Stored items
----
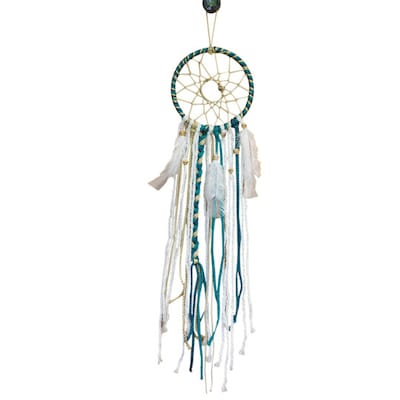 - Teal and tan macrame weave easily together to create this pretty dream catcher
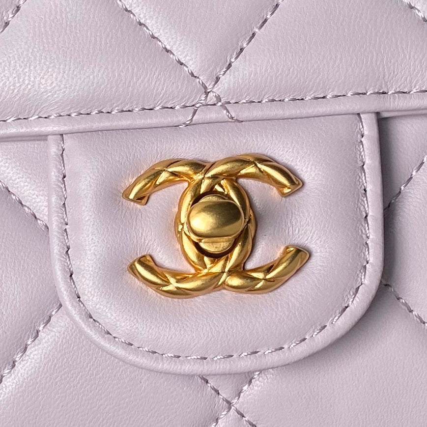 CHANEL 25S FLAP BAG 18 CM IN LIGHT PURPLE LAMBSKIN WITH TOP HANDLE
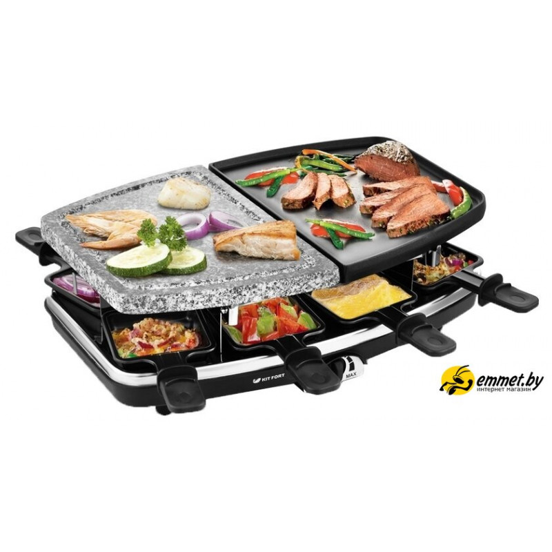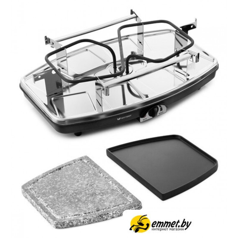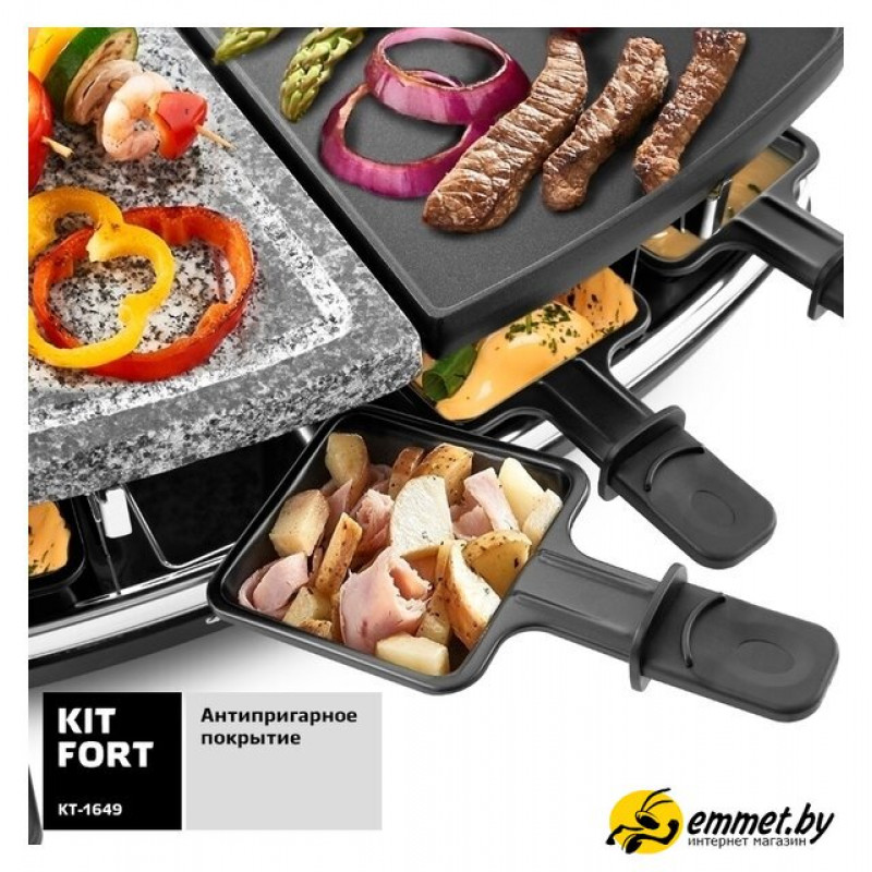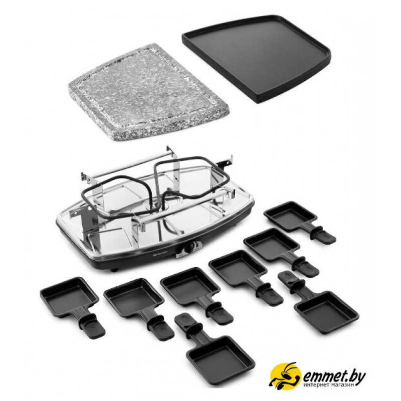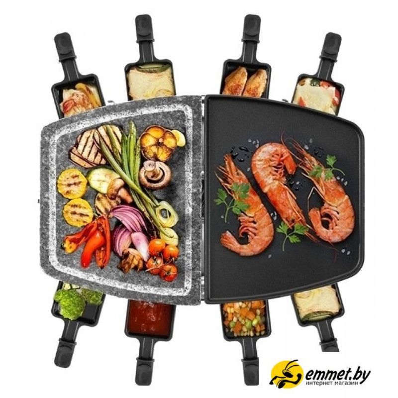 | Комплектация | Раклетница - 1 штКаменная плита - 1 штПанель с антипригарным покрытием - 1 штПорционные сковородки с антипригарным покрытием - 8 штРуководство по эксплуатации - 1 штГарантийный талон - 1 шт |
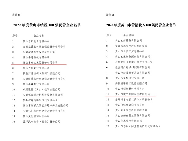 日前,由黃山市工商聯(lián)、市經(jīng)信局、市監(jiān)管局及市商務(wù)局聯(lián)合發(fā)布2022年度黃山市民營企業(yè)納稅及營銷收入百強名單公布,黃山建工集團連續(xù)多年再次實力入圍,獲此殊榮!
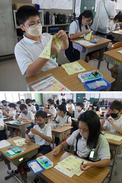 裁縫,がんばっています。ボタンも自分でつけられるようになりました。次はなみ縫いです。先生の説明をしっかり聞いています♪
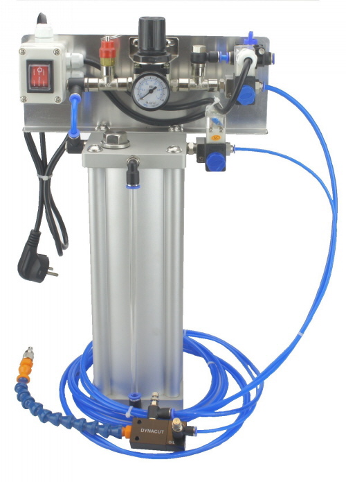 Bei unserem DYNACUT Schmiersystem MDA handelt es sich um ein von uns entwickeltes Niederdrucksystem mit koaxialer Sprühdüse für nebelfreien Kühlmittelauftrag. Bei diesem System steht der Kühlmittelbehälter über ein Druckregelventil unter einem Druck zwischen 0,3 bis 1,5 Bar je nach Viskosität des Kühlmittels. Dadurch wird erreicht, dass nach dem Einschalten der Druckluftversorgung der Schmierstoff und die Blasluft mit unterschiedlichen Drücken getrennt voneinander bis zum Düsenaustritt geleitet werden und dort feinste Kühlmitteltröpfchen in den Luftstrom an der Düsenspitze gedrückt werden. Das Volumen des Luftstroms an der Düsenspitze und damit auch der Druck werden durch ein einstellbares Nadelventil an der Düseneinheit eingestellt. Die Zufuhr des Kühlmediums wird ebenfalls mit einem Nadelventil an der Düseneinheit eingestellt. Bei richtiger Einstellung arbeitet das System absolut nebelfrei.
----
Repeat every line of the data exactly, but do not include pictures.

 - Teal and tan macrame weave easily together to create this pretty dream catcher
 CHANEL 25S FLAP BAG 18 CM IN LIGHT PURPLE LAMBSKIN WITH TOP HANDLE
 | Комплектация | Раклетница - 1 штКаменная плита - 1 штПанель с антипригарным покрытием - 1 штПорционные сковородки с антипригарным покрытием - 8 штРуководство по эксплуатации - 1 штГарантийный талон - 1 шт |
 日前,由黃山市工商聯(lián)、市經(jīng)信局、市監(jiān)管局及市商務(wù)局聯(lián)合發(fā)布2022年度黃山市民營企業(yè)納稅及營銷收入百強名單公布,黃山建工集團連續(xù)多年再次實力入圍,獲此殊榮!
 裁縫,がんばっています。ボタンも自分でつけられるようになりました。次はなみ縫いです。先生の説明をしっかり聞いています♪
 Bei unserem DYNACUT Schmiersystem MDA handelt es sich um ein von uns entwickeltes Niederdrucksystem mit koaxialer Sprühdüse für nebelfreien Kühlmittelauftrag. Bei diesem System steht der Kühlmittelbehälter über ein Druckregelventil unter einem Druck zwischen 0,3 bis 1,5 Bar je nach Viskosität des Kühlmittels. Dadurch wird erreicht, dass nach dem Einschalten der Druckluftversorgung der Schmierstoff und die Blasluft mit unterschiedlichen Drücken getrennt voneinander bis zum Düsenaustritt geleitet werden und dort feinste Kühlmitteltröpfchen in den Luftstrom an der Düsenspitze gedrückt werden. Das Volumen des Luftstroms an der Düsenspitze und damit auch der Druck werden durch ein einstellbares Nadelventil an der Düseneinheit eingestellt. Die Zufuhr des Kühlmediums wird ebenfalls mit einem Nadelventil an der Düseneinheit eingestellt. Bei richtiger Einstellung arbeitet das System absolut nebelfrei.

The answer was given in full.